# Our new puppy



## originalpetz (Jul 19, 2011)

Well after much thought we finally got our first dog. He's a Dorset olde tyme x american bulldog, 8 1/2 weeks old.

We've only had him for 5 days but so far i can't get over how well he's doing and behaving!


----------



## YoshiLea (Aug 11, 2011)

Aww, he's lovely!!! I love that puppy look and the ruffled baggy skin hehe. Congrats on your new puppy

L x


----------



## tiggerthumper (Apr 22, 2011)

Congrats, he is gorgeous xox


----------



## The3DChis (Jan 17, 2011)

Congrats! he is a cutie.


----------



## wyntersmum (Jul 31, 2011)

WHAT A BLIMMIN STUNNER
congrats hes luvely


----------



## BeagleOesx (Oct 9, 2009)

Awww he's gorgeous, what do you call him?

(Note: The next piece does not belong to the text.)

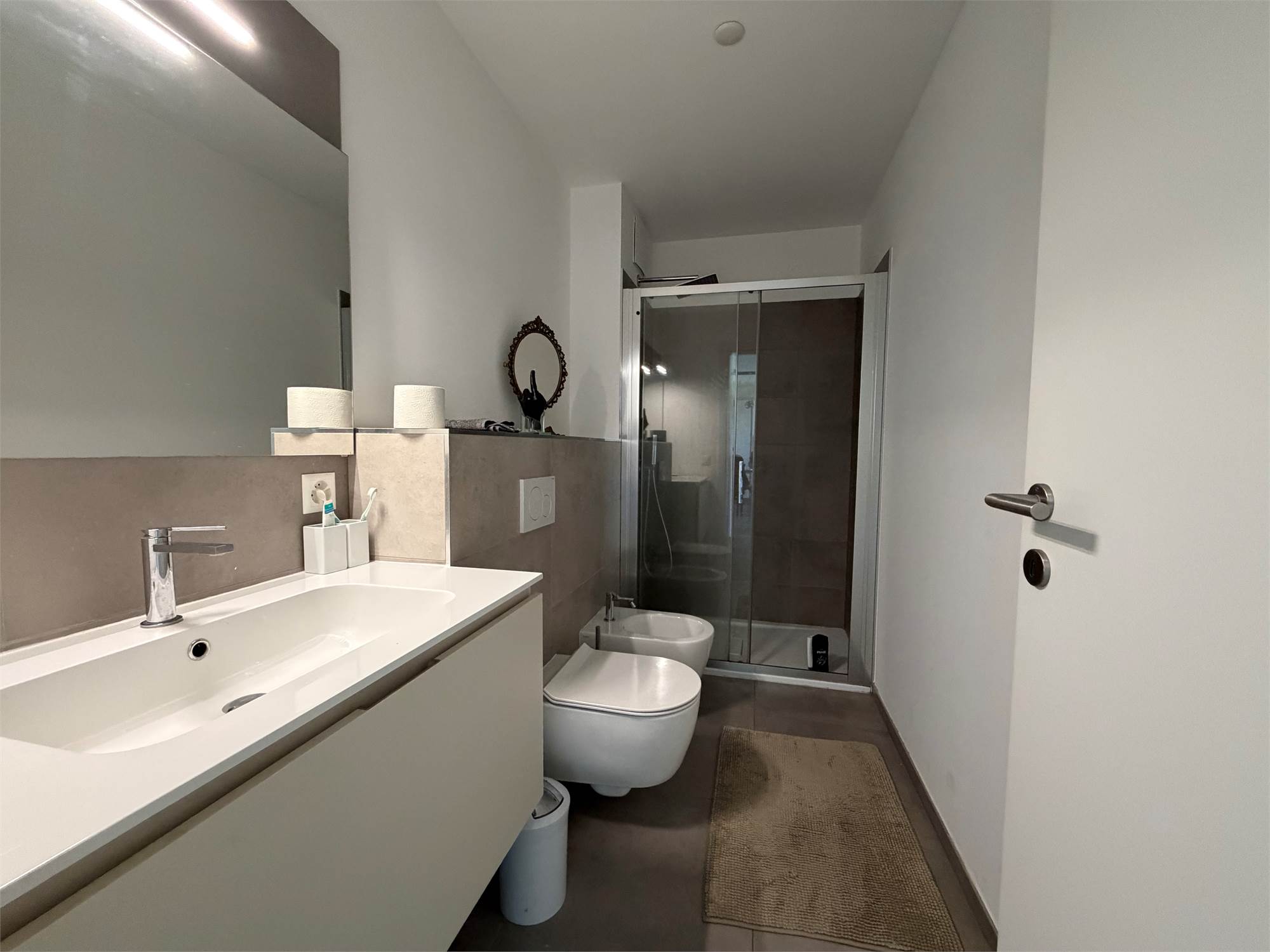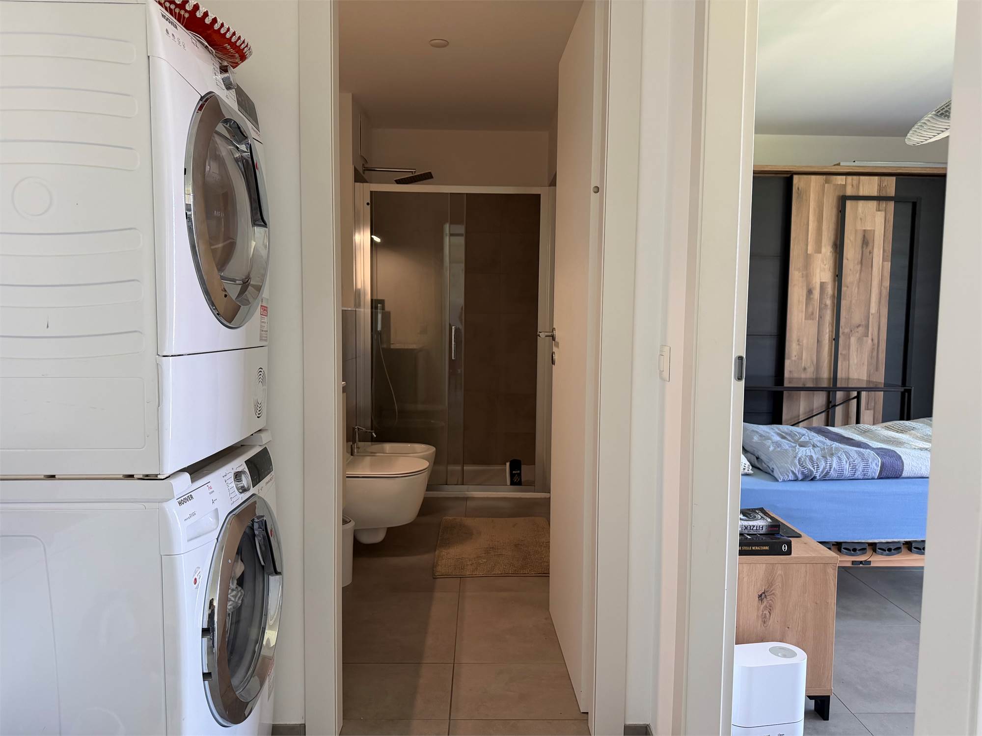 Die Wohnung verfügt über einen einladenden Eingangsbereich, ein Wohnzimmer mit offener Küche, ideal zum Zusammensein, einen Flur mit Platz für einen Garderobenschrank, ein Schlafzimmer und ein modernes Bad. Die Terrasse von fast 17 m² erweitert den Wohnraum und bietet einen praktischen Abstellraum.

He looks so cute with those wrinkles & baggy skin, loads of room to grow :lol:


----------



## originalpetz (Jul 19, 2011)

Thanks for the lovely comments everyone.

We really struggled on his name. Think it took us a couple of days before we finally settled on calling him Hudson.


----------



## Andy Batch (Aug 13, 2011)

What a lover puppy you have there, gorgeous.


----------



## Jackie99 (Mar 5, 2010)

Gorgeous


----------



## Starfish (Jul 26, 2011)

What a beautiful boy, hope you enjoy many years of fun and frolics with him!


----------



## sailor (Feb 5, 2010)

Very cute 

Good luck with Hudson, am sure you will have many happy years together :thumbsup:


----------